Plataforma
go
Componente
github.com/pinchtab/pinchtab
Corregido en
0.7.8
0.7.7
CVE-2026-30834 describes a Server-Side Request Forgery (SSRF) vulnerability discovered in PinchTab, a Go application. This flaw allows attackers to exfiltrate full responses through the download handler, potentially exposing sensitive data. The vulnerability impacts versions of PinchTab before 0.7.7, and a patch has been released to address the issue.
The SSRF vulnerability in PinchTab allows an attacker to craft malicious requests that the application forwards to internal or external resources. Because the download handler allows full response exfiltration, an attacker could potentially retrieve sensitive data from internal services or external websites that PinchTab is configured to access. This could include API keys, database credentials, or other confidential information. The blast radius extends to any resources accessible by the PinchTab instance, potentially impacting internal network services and external data sources.
CVE-2026-30834 was publicly disclosed on 2026-03-10. There is no indication of active exploitation campaigns at this time. No public proof-of-concept (POC) code has been released. The vulnerability is not currently listed on the CISA KEV catalog.
Organizations deploying PinchTab in environments with access to sensitive internal resources or external APIs are at risk. Specifically, those using PinchTab as a proxy or gateway for accessing internal services are particularly vulnerable, as the SSRF vulnerability could be leveraged to bypass access controls and retrieve confidential data.

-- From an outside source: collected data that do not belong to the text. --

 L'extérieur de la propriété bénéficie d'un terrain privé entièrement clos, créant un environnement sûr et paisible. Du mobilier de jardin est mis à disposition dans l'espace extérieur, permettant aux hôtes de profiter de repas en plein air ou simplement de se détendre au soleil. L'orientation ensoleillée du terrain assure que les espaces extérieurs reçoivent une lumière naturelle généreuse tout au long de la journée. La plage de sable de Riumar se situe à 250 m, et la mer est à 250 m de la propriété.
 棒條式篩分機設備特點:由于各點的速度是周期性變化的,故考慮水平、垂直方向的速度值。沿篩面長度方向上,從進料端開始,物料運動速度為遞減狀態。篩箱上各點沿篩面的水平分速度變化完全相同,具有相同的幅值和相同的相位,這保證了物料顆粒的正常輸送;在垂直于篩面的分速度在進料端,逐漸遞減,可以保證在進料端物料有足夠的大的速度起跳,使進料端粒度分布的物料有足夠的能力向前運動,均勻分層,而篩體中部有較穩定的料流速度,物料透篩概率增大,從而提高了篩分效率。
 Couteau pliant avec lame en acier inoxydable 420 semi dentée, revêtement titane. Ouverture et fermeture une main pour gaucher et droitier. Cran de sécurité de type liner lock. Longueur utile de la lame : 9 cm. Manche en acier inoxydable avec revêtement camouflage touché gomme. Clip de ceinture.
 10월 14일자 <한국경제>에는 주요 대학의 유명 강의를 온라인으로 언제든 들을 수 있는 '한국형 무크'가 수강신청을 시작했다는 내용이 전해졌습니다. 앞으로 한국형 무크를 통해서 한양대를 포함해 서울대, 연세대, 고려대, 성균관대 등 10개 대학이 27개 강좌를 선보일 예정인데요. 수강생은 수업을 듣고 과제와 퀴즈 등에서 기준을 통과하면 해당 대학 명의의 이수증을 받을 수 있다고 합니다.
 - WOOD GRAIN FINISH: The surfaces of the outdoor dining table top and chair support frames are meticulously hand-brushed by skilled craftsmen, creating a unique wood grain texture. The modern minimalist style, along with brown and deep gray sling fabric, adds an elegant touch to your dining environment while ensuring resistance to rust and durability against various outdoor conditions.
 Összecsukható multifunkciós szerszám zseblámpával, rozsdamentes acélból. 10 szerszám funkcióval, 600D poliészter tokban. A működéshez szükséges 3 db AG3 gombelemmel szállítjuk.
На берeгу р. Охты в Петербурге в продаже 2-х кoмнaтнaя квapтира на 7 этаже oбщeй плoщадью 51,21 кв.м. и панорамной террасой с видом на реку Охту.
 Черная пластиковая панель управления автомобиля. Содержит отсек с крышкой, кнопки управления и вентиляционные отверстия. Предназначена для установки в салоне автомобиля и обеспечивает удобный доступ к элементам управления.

• go / application: Inspect PinchTab configuration files for any unusual or unexpected URLs in the download handler.
grep -r 'download_url' /path/to/pinchtab/config/*.yaml• generic web: Monitor access logs for unusual outbound requests originating from the PinchTab server. Look for requests to internal IP addresses or unexpected domains.
curl -v <pinchtab_url>/download?url=<suspicious_url>disclosure
Estado del Exploit
EPSS
0.01% (2% percentil)
CISA SSVC
Vector CVSS
The primary mitigation for CVE-2026-30834 is to upgrade PinchTab to version 0.7.7 or later, which includes the fix for the SSRF vulnerability. If upgrading is not immediately feasible, consider implementing a Web Application Firewall (WAF) with rules to block suspicious outbound requests. Restrict network access to the PinchTab instance to only necessary resources. Thoroughly review and validate any external URLs used by the download handler to prevent unintended access to sensitive data. After upgrading, confirm the fix by attempting to trigger the SSRF vulnerability with a known malicious URL and verifying that the request is blocked or handled securely.
Actualice PinchTab a la versión 0.7.7 o superior. Esta versión contiene la corrección para la vulnerabilidad SSRF. Puede actualizar usando el gestor de paquetes de Python, pip, ejecutando `pip install --upgrade pinchtab`.
Análisis de vulnerabilidades y alertas críticas directamente en tu correo.
CVE-2026-30834 is a Server-Side Request Forgery (SSRF) vulnerability in PinchTab, allowing attackers to exfiltrate full responses via the download handler.
You are affected if you are running a version of PinchTab prior to 0.7.7. Upgrade to the latest version to mitigate the risk.
Upgrade PinchTab to version 0.7.7 or later. Consider implementing WAF rules and restricting network access as temporary mitigations.
There is currently no indication of active exploitation campaigns for CVE-2026-30834.
Refer to the PinchTab project's GitHub repository for updates and advisories related to CVE-2026-30834: [https://github.com/pinchtab/pinchtab](https://github.com/pinchtab/pinchtab)
Sube tu archivo de dependencias y detecta esta y otras CVEs al instante.
Sube tu archivo go.mod y te decimos al instante si estás afectado.